Entries supplied:

══════════

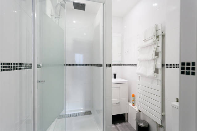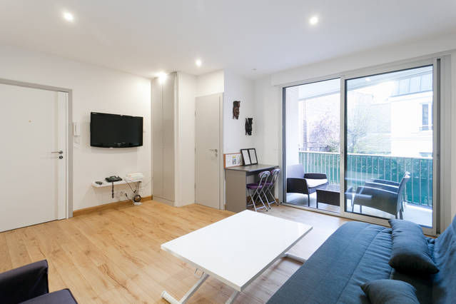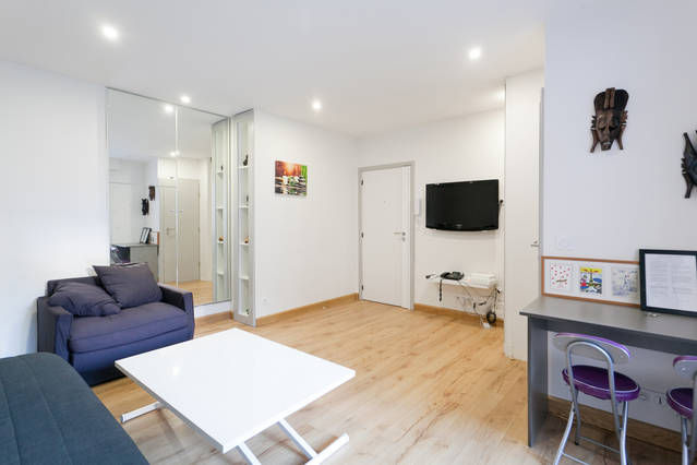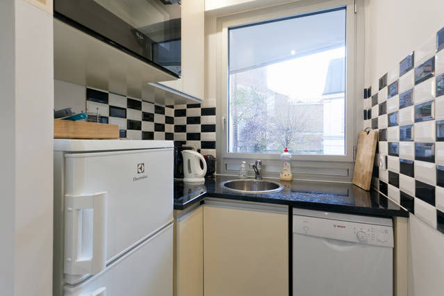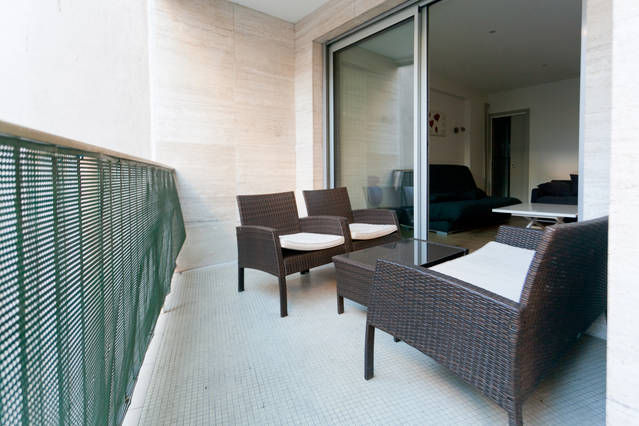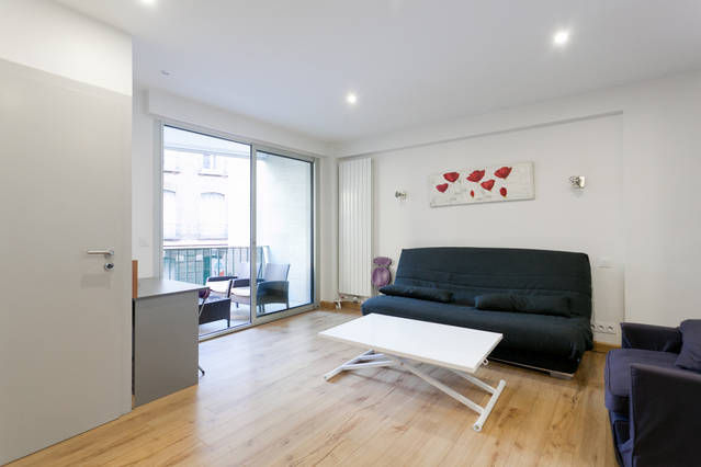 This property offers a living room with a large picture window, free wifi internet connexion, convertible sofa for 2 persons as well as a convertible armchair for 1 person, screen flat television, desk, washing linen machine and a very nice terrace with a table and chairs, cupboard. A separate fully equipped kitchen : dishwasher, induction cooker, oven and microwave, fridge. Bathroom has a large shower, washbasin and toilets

══════════

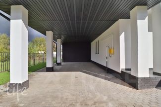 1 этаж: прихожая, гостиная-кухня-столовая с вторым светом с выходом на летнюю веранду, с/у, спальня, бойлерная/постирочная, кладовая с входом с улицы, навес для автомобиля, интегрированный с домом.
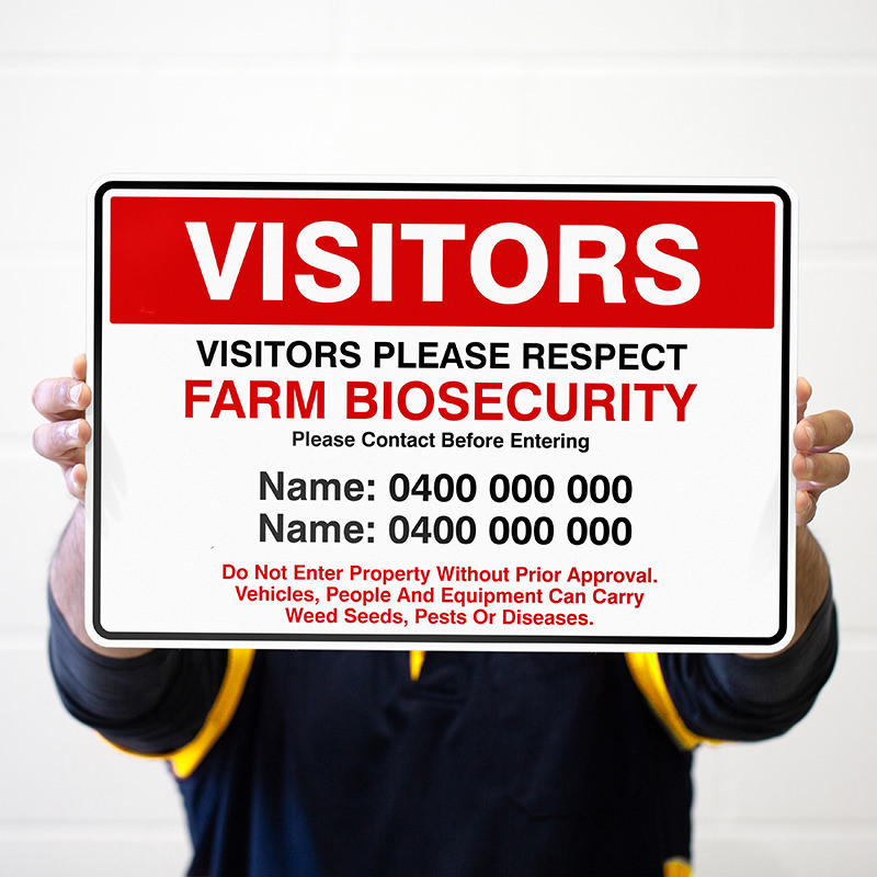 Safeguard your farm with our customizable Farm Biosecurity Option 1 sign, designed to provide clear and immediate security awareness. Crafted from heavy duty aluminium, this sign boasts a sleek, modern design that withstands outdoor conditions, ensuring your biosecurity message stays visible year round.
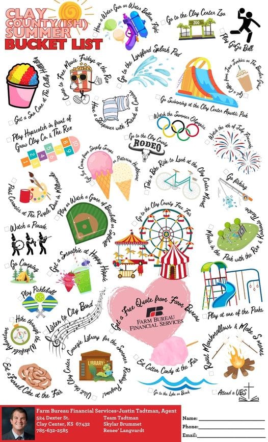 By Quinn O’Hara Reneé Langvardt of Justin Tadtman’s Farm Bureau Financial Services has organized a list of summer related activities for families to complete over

══════════

What to work on:
For this exercise, please set down exactly the lines of the listing above from the line with "1 этаж: прихожая, гостиная-кухня-столовая" up to and including the line with "By Quinn O’Hara", and no pictures.

Exercise solution:
 1 этаж: прихожая, гостиная-кухня-столовая с вторым светом с выходом на летнюю веранду, с/у, спальня, бойлерная/постирочная, кладовая с входом с улицы, навес для автомобиля, интегрированный с домом.
 Safeguard your farm with our customizable Farm Biosecurity Option 1 sign, designed to provide clear and immediate security awareness. Crafted from heavy duty aluminium, this sign boasts a sleek, modern design that withstands outdoor conditions, ensuring your biosecurity message stays visible year round.
 By Quinn O’Hara Reneé Langvardt of Justin Tadtman’s Farm Bureau Financial Services has organized a list of summer related activities for families to complete over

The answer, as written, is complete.